In conclusion, A/B/n testing in the internet user activity domain has two very unscientific desiderata:

- Experimenting without first articulating any objectively logic-driven hypotheses.
- Minimizing sample costs by observing intermediary results.

These requirements stand in complete opposition to the frequentist experimentation rules described above which necessitates a different approach.

## When the IQ kicks in

Storemaven’s approach to A/B/n testing is designed to tackle the problems described above, i.e. striving for an accurate test setting while economizing on sample size. Fair warning, this section includes technical terms that require basic statistical theory knowledge to fully comprehend.

Storemaven’s StoreIQ can be called Bayesian as it’s mainly focused on estimating and then comparing the distribution of each variation’s CVR. If we regard the number of installers (given the number of samples) as the prominent random variable in the frequentist approach, then their distribution parameter is the proportion of installers (CVR). Frequentist approaches would usually estimate these parameter values (e.g. using MLE) and move on to perform inference. StoreIQ instead deals with modelling the distribution of the CVRs as random variables.
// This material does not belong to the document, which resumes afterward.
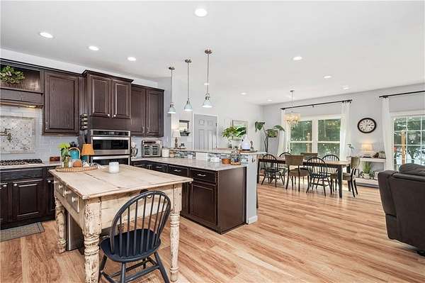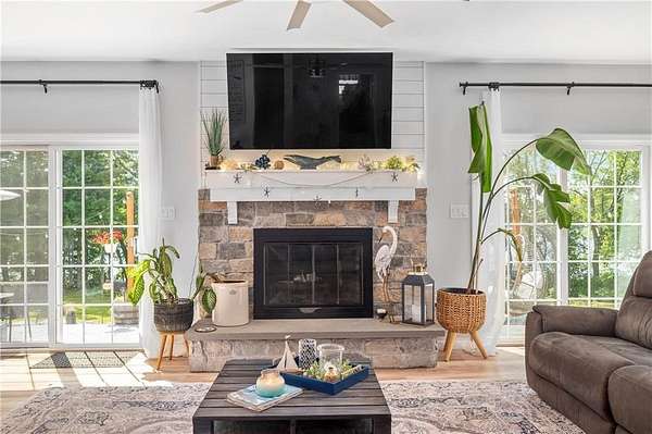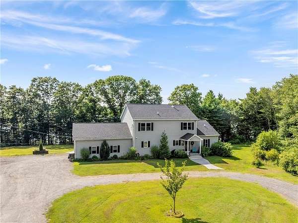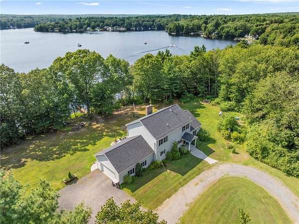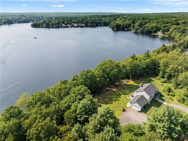 PRIVATE Waterfront Retreat! Set on 4 serene acres with over 450' of private waterfront (with the ability to subdivide a 2nd waterfront lot!), this 2800 sq ft Colonial, built in 2019, offers the perfect blend of modern luxury and natural beauty. Privacy is not sacrificed for waterfront living here, as the house is SECLUDED and set over 200' from the road! This home features an attached 2 car garage, soaring ceilings, central a/c, and an open floor plan that's ideal for both entertaining and every day living. The first floor primary suite is a true retreat, boasting views of the lake and a massive walk-in closet that flows into a private full bath. The heart of the home is the spacious open living area, complete with a striking stone fireplace, while the kitchen impresses with a huge pantry closet, a full ventilation hood over the propane cooktop with pot-filler, its quartz countertops and ample space for culinary creativity. A dedicated laundry room on the 1st floor adds convenience, and a partial 5' concrete basement provides abundant storage! Outside, a beautiful concrete patio invites you to relax & take in the lake views & sunsets, while your private dock offers direct access to the peaceful waters of Wilson's Reservoir - a full recreation lake -just over 100 acres, with only 25-50% of its privately owned shoreline developed. Whether you're boating, fishing or simply enjoying the peaceful setting, this property offers a rare opportunity to embrace lake life at its finest.
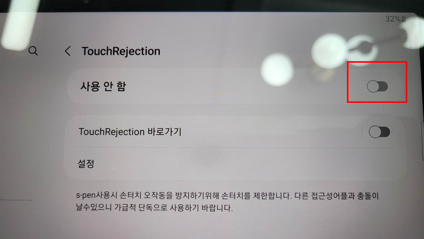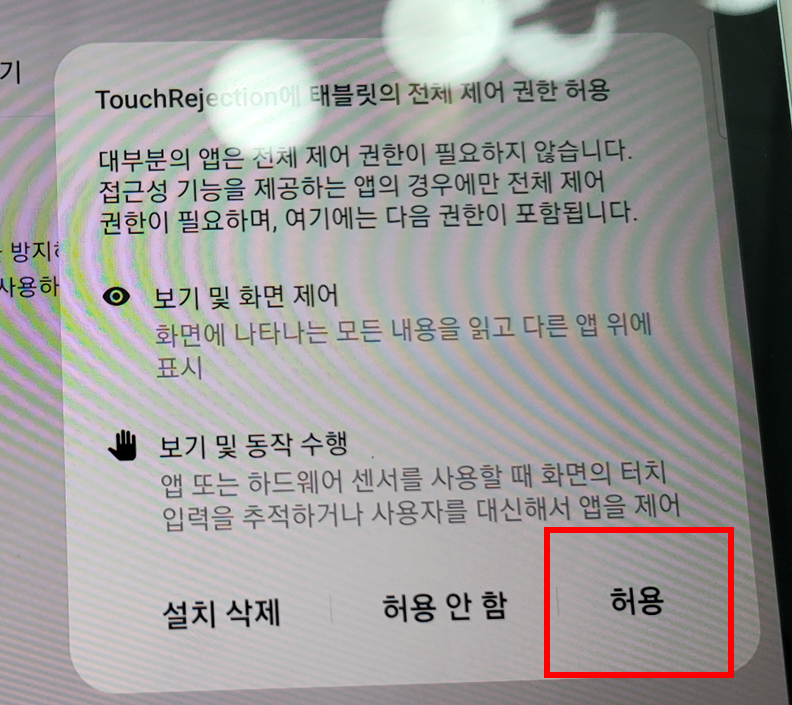 3. 어플 활성화 단계 2 : Touch Rejection > 사용 안 함 옆 버튼 > 제어 권한 허용 > 사용 중

In order to economize on user traffic, StoreIQ terminates underperforming variations according to the modelled distribution of their CVR once enough data are gathered. From this point on, traffic is diverted to all other active variations which increases the momentum towards the experiment conclusion. When sufficient data are gathered to conclude that a single distribution is superior (in terms of location and scale) to all others or that the performance of all active variations is nearly identical, StoreIQ concludes the test.

Storemaven’s StoreIQ has a few mechanisms in place to help keep the experiment stability in check:

- Each experiment starts with a “warm up” period during which some preliminary amount of samples are gathered and statistics are not yet calculated. This helps us avoid making inference on unstable data.
- Model updates and statistical calculations are performed at constant intervals (when not in the warm up stage) to control for seasonality.
- The model parameters include regularization factors that help avoid early test termination. These factors are relaxed as the test progresses.

The StoreIQ methodology isn’t limited by the hypothesis setting and statistical modeling requirements of the frequentist approach. It has one mission – to compare parameter distributions and take action when a clear distinction between them can be made. Like the frequentist approach, it’s a tool, but unlike it, this tool is designed for A/B/n testing in the internet user activity domain.